Although Duncan noted that selling sentiment “remains extremely high, and well above pre-pandemic levels,” the percentage of respondents who said it’s a bad time to sell rose in July, the first time that’s happened since February. While only one in five (20 percent) of respondents thought it was a bad time to sell, the percentage who thought it was a good time to sell also slipped two percentage points from July’s high of 77 percent. At 55 percent, the net share of people who think it’s a good time to sell is now just over half.

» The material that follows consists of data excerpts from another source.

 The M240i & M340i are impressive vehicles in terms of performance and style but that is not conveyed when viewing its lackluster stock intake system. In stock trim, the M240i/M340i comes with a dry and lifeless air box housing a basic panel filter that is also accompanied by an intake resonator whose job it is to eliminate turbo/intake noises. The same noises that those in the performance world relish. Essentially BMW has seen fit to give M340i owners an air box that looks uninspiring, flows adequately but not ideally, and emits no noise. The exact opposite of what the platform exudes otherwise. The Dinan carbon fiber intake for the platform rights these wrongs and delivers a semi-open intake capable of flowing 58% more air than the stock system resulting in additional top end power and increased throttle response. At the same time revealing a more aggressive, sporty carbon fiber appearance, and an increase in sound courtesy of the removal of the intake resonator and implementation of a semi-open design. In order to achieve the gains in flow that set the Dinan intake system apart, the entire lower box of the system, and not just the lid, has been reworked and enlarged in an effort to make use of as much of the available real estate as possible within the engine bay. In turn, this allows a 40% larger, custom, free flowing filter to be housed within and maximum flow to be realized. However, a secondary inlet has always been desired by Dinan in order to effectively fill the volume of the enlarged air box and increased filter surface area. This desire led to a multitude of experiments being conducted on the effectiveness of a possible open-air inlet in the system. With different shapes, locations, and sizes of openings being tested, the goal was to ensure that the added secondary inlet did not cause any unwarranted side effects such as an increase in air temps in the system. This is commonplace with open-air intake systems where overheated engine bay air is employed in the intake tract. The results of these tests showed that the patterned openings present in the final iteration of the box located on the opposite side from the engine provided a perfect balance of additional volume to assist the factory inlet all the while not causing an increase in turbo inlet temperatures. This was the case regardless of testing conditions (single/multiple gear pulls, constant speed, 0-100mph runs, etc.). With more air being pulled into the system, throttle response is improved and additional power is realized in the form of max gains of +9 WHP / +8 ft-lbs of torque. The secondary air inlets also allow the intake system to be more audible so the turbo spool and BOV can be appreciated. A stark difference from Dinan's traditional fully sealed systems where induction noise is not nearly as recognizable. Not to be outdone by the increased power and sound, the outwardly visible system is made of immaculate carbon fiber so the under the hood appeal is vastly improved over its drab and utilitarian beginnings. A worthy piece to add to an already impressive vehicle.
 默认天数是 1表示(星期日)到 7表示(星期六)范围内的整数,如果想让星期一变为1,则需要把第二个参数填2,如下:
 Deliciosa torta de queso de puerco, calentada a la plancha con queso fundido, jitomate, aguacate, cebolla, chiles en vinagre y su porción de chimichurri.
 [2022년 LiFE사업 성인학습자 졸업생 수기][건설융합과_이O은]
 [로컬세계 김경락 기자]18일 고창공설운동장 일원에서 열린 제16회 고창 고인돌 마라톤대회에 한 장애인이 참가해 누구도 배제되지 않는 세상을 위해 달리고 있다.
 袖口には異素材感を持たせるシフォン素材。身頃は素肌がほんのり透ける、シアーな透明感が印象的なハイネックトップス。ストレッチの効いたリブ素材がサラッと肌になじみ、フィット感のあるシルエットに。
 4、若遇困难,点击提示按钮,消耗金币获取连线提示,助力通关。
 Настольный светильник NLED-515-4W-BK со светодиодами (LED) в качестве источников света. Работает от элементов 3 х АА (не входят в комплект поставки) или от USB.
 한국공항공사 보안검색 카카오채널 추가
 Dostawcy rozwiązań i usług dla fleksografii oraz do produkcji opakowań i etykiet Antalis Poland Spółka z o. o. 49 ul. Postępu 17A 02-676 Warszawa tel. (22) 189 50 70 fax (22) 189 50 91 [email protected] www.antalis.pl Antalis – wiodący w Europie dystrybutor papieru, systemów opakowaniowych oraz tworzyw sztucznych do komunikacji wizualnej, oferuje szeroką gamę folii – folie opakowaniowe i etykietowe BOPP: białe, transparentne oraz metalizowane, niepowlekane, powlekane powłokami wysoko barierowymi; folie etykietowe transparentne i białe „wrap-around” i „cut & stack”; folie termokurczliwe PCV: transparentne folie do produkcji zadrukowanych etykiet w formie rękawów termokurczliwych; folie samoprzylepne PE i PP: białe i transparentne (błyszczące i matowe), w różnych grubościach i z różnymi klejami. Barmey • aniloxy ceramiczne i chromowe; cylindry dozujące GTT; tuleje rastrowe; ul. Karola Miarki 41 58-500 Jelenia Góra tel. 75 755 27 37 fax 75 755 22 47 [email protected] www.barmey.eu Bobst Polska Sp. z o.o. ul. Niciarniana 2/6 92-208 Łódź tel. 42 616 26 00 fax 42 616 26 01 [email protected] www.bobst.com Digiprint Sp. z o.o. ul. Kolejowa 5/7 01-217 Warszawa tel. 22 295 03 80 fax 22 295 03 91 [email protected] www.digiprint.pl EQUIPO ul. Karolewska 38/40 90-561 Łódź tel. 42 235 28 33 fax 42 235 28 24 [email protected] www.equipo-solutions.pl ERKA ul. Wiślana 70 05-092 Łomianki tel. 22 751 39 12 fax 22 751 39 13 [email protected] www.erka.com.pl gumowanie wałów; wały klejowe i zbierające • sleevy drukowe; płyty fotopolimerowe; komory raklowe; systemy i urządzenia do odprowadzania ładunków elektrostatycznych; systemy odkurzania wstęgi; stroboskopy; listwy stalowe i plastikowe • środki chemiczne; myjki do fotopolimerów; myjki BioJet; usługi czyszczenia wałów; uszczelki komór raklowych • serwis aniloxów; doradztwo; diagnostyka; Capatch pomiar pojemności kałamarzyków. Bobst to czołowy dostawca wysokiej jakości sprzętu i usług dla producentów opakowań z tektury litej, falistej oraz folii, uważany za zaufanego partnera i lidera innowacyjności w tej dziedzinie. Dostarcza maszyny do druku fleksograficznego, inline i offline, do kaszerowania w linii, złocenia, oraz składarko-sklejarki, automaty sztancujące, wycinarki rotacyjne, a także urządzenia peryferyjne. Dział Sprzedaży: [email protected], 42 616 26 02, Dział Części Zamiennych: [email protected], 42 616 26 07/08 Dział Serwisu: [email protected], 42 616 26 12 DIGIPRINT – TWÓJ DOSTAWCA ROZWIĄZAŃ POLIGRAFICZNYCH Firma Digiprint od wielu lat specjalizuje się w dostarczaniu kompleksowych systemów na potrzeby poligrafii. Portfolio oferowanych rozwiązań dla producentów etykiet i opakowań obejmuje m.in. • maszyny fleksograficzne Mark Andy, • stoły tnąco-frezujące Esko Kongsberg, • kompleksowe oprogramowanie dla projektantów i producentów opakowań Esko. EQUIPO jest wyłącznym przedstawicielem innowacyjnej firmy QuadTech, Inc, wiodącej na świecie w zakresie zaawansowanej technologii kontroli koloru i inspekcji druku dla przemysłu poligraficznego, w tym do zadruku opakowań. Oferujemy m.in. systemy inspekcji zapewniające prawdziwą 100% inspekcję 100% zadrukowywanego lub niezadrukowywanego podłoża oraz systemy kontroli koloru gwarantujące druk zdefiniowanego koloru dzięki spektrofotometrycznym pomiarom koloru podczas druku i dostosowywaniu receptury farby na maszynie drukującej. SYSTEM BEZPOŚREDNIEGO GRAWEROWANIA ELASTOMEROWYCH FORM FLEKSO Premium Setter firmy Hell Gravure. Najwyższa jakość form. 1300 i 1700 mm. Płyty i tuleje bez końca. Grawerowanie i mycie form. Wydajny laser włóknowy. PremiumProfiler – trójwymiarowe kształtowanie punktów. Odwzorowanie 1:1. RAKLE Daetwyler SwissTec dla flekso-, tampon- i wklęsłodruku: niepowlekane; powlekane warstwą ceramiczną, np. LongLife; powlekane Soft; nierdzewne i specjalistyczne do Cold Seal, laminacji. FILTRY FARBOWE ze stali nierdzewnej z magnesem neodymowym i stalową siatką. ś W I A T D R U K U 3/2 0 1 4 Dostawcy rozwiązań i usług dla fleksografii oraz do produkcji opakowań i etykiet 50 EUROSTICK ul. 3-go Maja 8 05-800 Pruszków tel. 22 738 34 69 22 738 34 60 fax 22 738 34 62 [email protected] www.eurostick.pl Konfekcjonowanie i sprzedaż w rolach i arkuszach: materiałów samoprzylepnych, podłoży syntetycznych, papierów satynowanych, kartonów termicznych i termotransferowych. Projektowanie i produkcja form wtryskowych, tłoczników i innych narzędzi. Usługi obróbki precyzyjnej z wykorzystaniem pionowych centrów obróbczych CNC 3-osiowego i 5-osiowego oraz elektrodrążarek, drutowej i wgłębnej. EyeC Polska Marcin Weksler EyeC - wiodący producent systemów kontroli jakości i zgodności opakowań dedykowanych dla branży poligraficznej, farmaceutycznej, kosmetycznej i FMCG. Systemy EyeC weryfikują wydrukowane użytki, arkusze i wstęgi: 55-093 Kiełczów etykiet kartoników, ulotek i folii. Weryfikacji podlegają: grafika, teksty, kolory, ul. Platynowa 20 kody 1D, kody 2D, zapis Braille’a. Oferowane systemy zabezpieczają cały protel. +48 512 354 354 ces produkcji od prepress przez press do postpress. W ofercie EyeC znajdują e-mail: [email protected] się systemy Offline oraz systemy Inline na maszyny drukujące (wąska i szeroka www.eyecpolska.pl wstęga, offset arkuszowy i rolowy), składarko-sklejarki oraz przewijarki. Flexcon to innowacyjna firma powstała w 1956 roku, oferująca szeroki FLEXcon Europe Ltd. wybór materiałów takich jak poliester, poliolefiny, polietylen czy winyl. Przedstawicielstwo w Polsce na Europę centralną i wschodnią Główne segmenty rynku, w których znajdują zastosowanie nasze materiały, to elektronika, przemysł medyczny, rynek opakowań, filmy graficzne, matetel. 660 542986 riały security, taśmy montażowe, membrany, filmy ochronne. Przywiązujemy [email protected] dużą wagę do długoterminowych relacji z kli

The survey also provides insights into consumer sentiment around home prices, mortgage rates, job security and household income:
Home prices:
Americans are less certain that recent price increases are sustainable, with only 46 percent now expecting home prices will go up in the next 12 months, down from 48 percent in June and 50 percent in March. The share who think home prices have levelled out increased to 27 percent, while 21 percent think they’ll go down in the next six months. That leaves the net share of people who think prices will go up at 25 percent — the lowest level since September, 2020.Mortgage rates:
With mortgage rates back down near record lows, hardly anyone expects them to fall further. Only one in 20 Americans polled in July (5 percent) thought mortgage rates will go down in the next 12 months. With 57 percent of those polled expecting rates to go up and 31 percent expecting them to stay the same, the net share of Americans who say mortgage rates will go down fell to negative 52 percent.Job security:
The survey found that while most Americans feel secure in their jobs, confidence slipped a bit from June. While 84 percent of those surveyed in July said they weren’t concerned about losing their job in the next 12 months, that’s down from 88 percent in June. The percentage who said they are concerned about losing their jobs increased to 13 percent, leaving the net share of Americans who say they are not concerned about losing their job at 71 percent — still a big improvement from 53 percent in July, 2020.Household income:
While inflation may be driving prices up, survey respondents weren’t seeing corresponding increases in their paychecks. The percentage of Americans who said their household income was “significantly higher” than 12 months ago remained unchanged at 27 percent. The percentage who said their household income was significantly lower increased to 14 percent, while 56 percent said it was unchanged. The net share of those who said their household income was significantly higher in July than it was 12 months ago decreased to 13 percent. That’s down one percentage point from June, but up from seven percentage points from a year ago.Fannie Mae distills results from the National Housing Survey into a single number, the Home Purchase Sentiment Index (HPSI). The HPSI fell 3.9 points in July, to 75.8, but is up 1.6 points from the same time last year.